_Task goal:_ Beginning with the line of the entries below that holds "Gestaltet wurde sie" and ending with the line that holds "女子向けラノベタイトル風あだ名 | 『首の姫と首なしぺると』『ぺると恋絵巻』 |", transcribe each line exactly as written. Pictures stay out.

*** Begin section ***

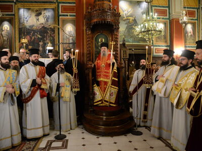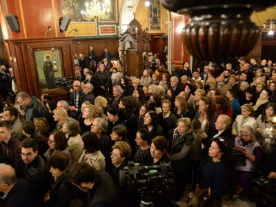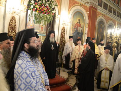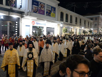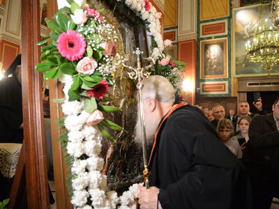 Τὸ Ἱερὸ Εἰκόνισμα τῆς Θεοτόκου τῆς Ἐσφαγμένης μετεφέρθη μὲ λιτανευτικὴ πομπὴ στὸν Ἱερὸ Μητροπολιτικὸ Ναὸ Εὐαγγελιστρίας Πατρῶν, ὅπου ἐτελέσθη Δοξολογία καὶ ἐνσυνεχεῖ Ἱερὰ Παράκλησις πρὸς τὴν Ὑπεραγίαν Θεοτόκον.
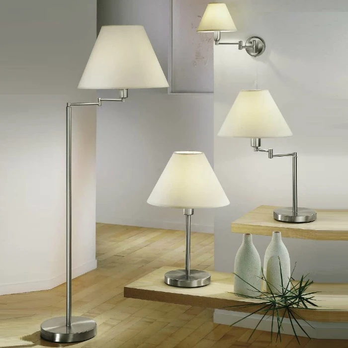Gestaltet wurde sie aus einem Leuchtenfuß in Nickel und einem dezent weißen Stoffschirm. Mit einer Höhe von 30cm verbirgt der Schirm eine E27-Fassung für maximal 60W. Durch den Stoff ist der Lichtschein angenehm blendfrei für eine entspannte Lichtatmosphäre.
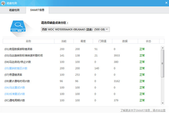 第四步,稍等片刻扫描完成之后,点击【SMART信息】选项卡,磁盘的所有问题都会在这里显示,小编的还不错一切正常。
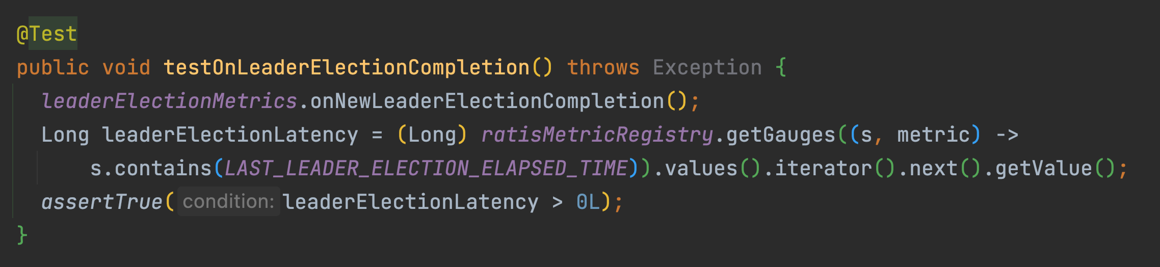 @szetszwo , it's sad that the unit test is failed again. I need your help. What I am confused is that whether the LAST_LEADER_ELECTION_ELAPSED_TIME gauge can be zero? |
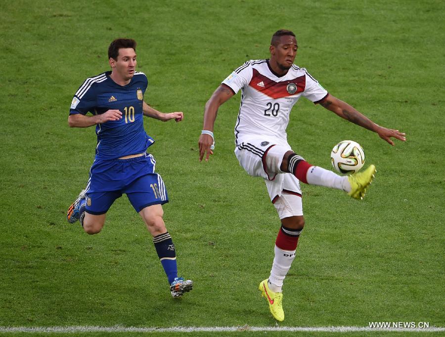 Germany's Lionel Messi vies with Argentina's Jerome Boateng during the final match between Germany and Argentina of 2014 FIFA World Cup at the Estadio do Maracana Stadium in Rio de Janeiro, Brazil, on July 13, 2014. (Xinhua/Li Ga)
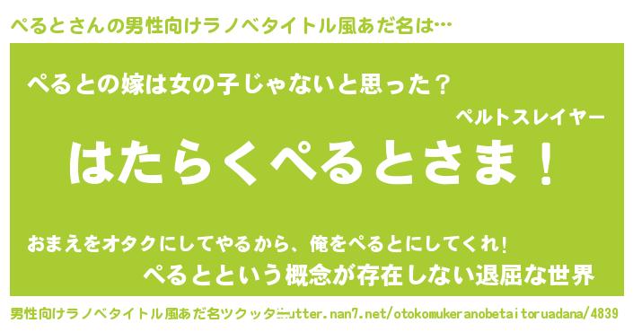 | 女子向けラノベタイトル風あだ名 | 『首の姫と首なしぺると』『ぺると恋絵巻』 |
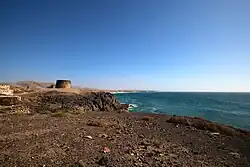 Defense tower “Torre del Tostón” (or "Castillo de El Cotillo") is located in the coastal town of el Cotillo, which forms part of the municipality of la Oliva, Fuerteventura, Spain. This defense tower was recognized as historic-artistic monument in 1949. Nowadays, famous local artists use Torre del Tostón as exhibition room, and it's one of the island's main tourist destinations, including as viewpoint.
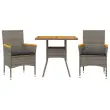 Ta vrtna jedilna garnitura je odlična izbira za večerjo na prostem ali za sprostitev na vrtu, dvorišču ali terasi. Vzdržljiv material: PE ratan, znan tudi kot poli ratan, je močan sintetični material, ki zahteva malo vzdrževanja in je videti kot naravni ratan. Je lahek, enostaven za čiščenje in se zaradi svoje vzdržljivosti in odpornosti na vremenske vplive pogosto uporablja za zunanje pohištvo.Udobno sedenje: Ta zunanja garnitura z debelo podloženimi blazinami zagotavlja udobno sedenje.Prevleko je mogoče odstraniti in oprati: Te sedežne blazine imajo odstranljive prevleke za lažje pranje in vzdrževanje.Stabilna mizna plošča, ki je enostavna za čiščenje: Ta vrtna miza ima ploščo iz akacijevega lesa, ki je čvrsta, vzdržljiva in jo je enostavno čistiti z vlažno krpo. Dobro je vedeti:Če želite, da vaše zunanje pohištvo ostane lepo, vam priporočamo, da ga zaščitite z vodoodporno prevleko.UV-odpornoPotrebno sestavljanje: DaMiza:Barva: SivaMaterial: PE ratan, prašno premazano jeklo, trden akacijev les z oljnim premazomDimenzije: 80 x 80 x 75 cm (Š x G x V)Stol:Barva: SivaMaterial: PE ratan, prašno premazano jeklo, trden akacijev les z oljnim premazomDimenzije: 53 x 61 x 83 cm (Š x G x V)Velikost sedeža: 44 x 47 cm (Š x G)Višina sedeža od tal (brez blazine): 42 cmVišina naslonjal za roke, merjena od tal: 60 cmMaksimalna nosilnost (na sedež): 110 kgSedežna blazina:Barva: Temno sivaMaterial prevleke: Tkanina (100 % poliester)Material polnila: PenaDimenzije: 44 x 46 x 2,5 cm (Š x G x D) Paket vsebuje:1 x Vrtna miza2 x Vrtni stol2 x Sedežna blazina s snemljivo pralno prevleko 3278699

*** End section ***

_Written response:_
Gestaltet wurde sie aus einem Leuchtenfuß in Nickel und einem dezent weißen Stoffschirm. Mit einer Höhe von 30cm verbirgt der Schirm eine E27-Fassung für maximal 60W. Durch den Stoff ist der Lichtschein angenehm blendfrei für eine entspannte Lichtatmosphäre.
 第四步,稍等片刻扫描完成之后,点击【SMART信息】选项卡,磁盘的所有问题都会在这里显示,小编的还不错一切正常。
 @szetszwo , it's sad that the unit test is failed again. I need your help. What I am confused is that whether the LAST_LEADER_ELECTION_ELAPSED_TIME gauge can be zero? |
 Germany's Lionel Messi vies with Argentina's Jerome Boateng during the final match between Germany and Argentina of 2014 FIFA World Cup at the Estadio do Maracana Stadium in Rio de Janeiro, Brazil, on July 13, 2014. (Xinhua/Li Ga)
 | 女子向けラノベタイトル風あだ名 | 『首の姫と首なしぺると』『ぺると恋絵巻』 |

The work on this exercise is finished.